しかし、イベルメクチンとベラパミルの併用投与を受けた動物の成熟配偶子の遺伝的品質については、懸念がある。Kahramanら(2002)は、妊娠不全の割合が高いことに関連する精子異常の上昇を観察した。
細胞遺伝学的研究により、イベルメクチンはMIIの精子細胞数を減少させることで減数分裂に部分的に影響を与えることが明らかになった。一方、イベルメクチンとベラパミルの併用療法は、MII期の精子細胞数を減少させ、生殖細胞に対してより強い影響を与えることがわかった。SPMとMIIでの構造的な染色体異常の増加、MIでのX-Y染色体の解離の頻度の増加は、成熟精子の遺伝的な質に注目させ、さらなる調査が必要である。

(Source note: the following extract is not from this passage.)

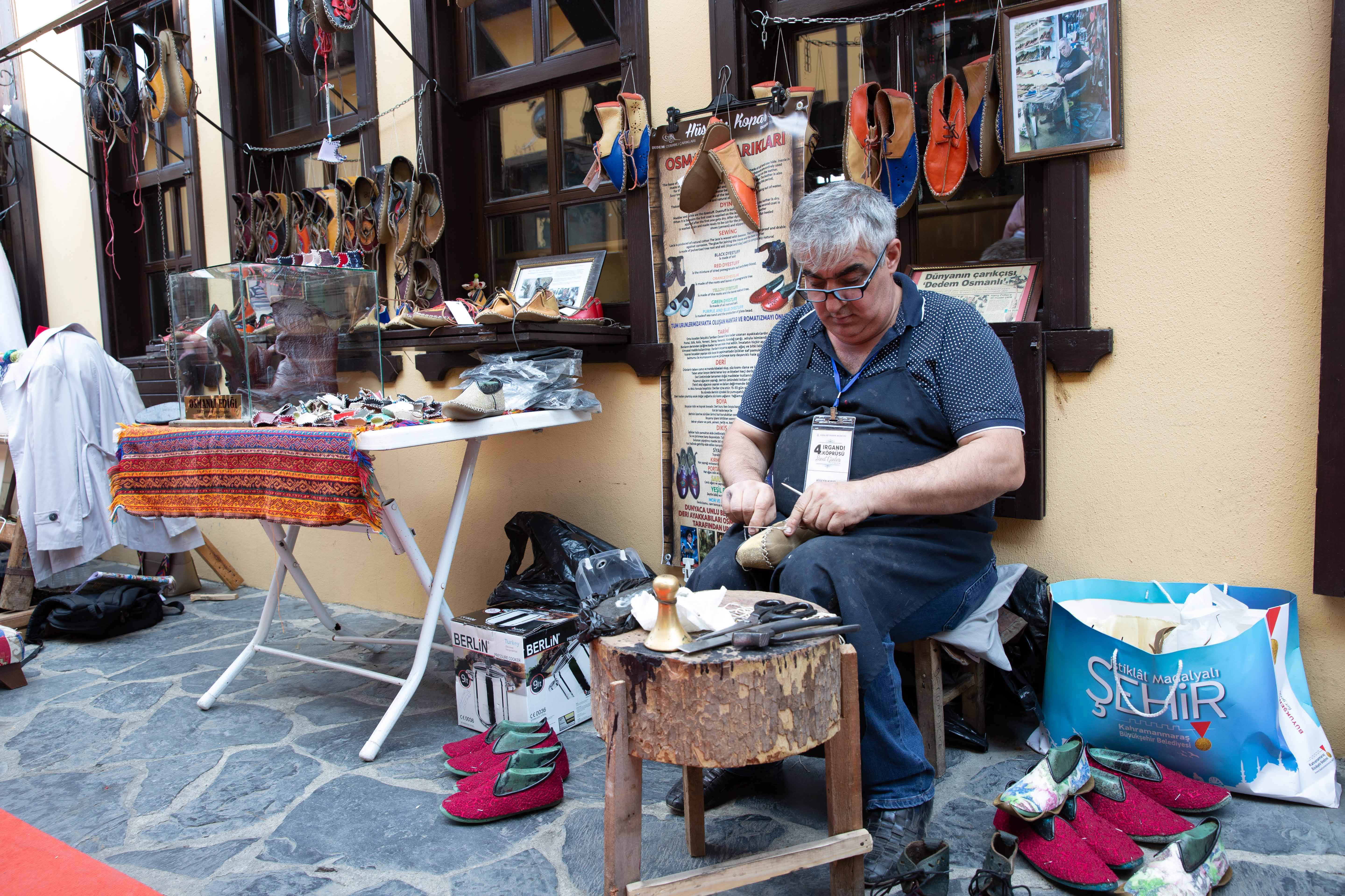 Programın, 12-14 Ekim tarihleri arasında gerçekleştirildiğini belirten Kocabıyık, “Sanat günlerimize bu yıl Türkiye’nin çeşitli illerinden, Kültür Bakanlığı’na bağlı, alanında tanınmış farklı sanat dallarından sanatçılar katılım sağlıyor. Bu kapsamda Eskişehir, Yalova, Tokat, İzmir, İstanbul, Edirne, Burdur, Mardin ve Kahramanmaraş’tan gelen konuklarımız var. Sanatçılarımız burada Osmanlı Çarıkları, cam süsleme, ipekçilik, Bursa bıçağı, keçe, yazma, boynuz işleme, telkâri, talika, lüle taşı, tel kırma, ebru, tezhip, minyatür, ahşap oymacılığı, nakkaşlık, neyzen, resim sanatları ve çini gibi geleneksel Türk el sanatları branşlarında ürünlerini sergiliyor” diye konuştu.

イベルメクチンの毒性が低いのは、特にPgpの基質であるため、組織へのアクセスが制限されていることに起因している(Griffin et al., 2005;Xu et al., 1998)。Pgpは、血液脳関門、精巣、胎盤などの血液組織関門の完全性に関連しており、Pgpの部分的な遮断は、これらの関門の背後にある臓器における薬物率の増加の可能性を伴う生体内の新しい薬物分布の原因となり得る(グリフィン他 2005)。したがって、基質薬とPgp阻害薬の併用は、バイオアベイラビリティや臓器への取り込みの増加によって薬物動態を変化させ、有効性の向上や副作用や毒性の増加につながると考えられる。本研究では、Pgpを阻害するためにベラパミルを使用した(Ford and Hait, 1990)。多くの著者が、P糖タンパク質阻害剤、特にベラパミルがイベルメクチンの薬理学的特性を変化させる役割を論じている(Molento et al., 2004)。したがって、ベラパミルの投与により、イベルメクチンが血液-精巣間の障壁をより通過しやすくなり、細胞内への蓄積と保持が増加すると考えられる。この示唆は、ベラパミルで前処理した動物におけるイベルメクチンの毒性作用が、イベルメクチン単独と比較して顕著であったことを一部説明するものと考えられる。
私たちは、イベルメクチンは雄の生殖能力にわずかな影響を与えるが、ベラパミルと併用すると減数分裂と生殖能力に悪影響を及ぼすと結論付けた。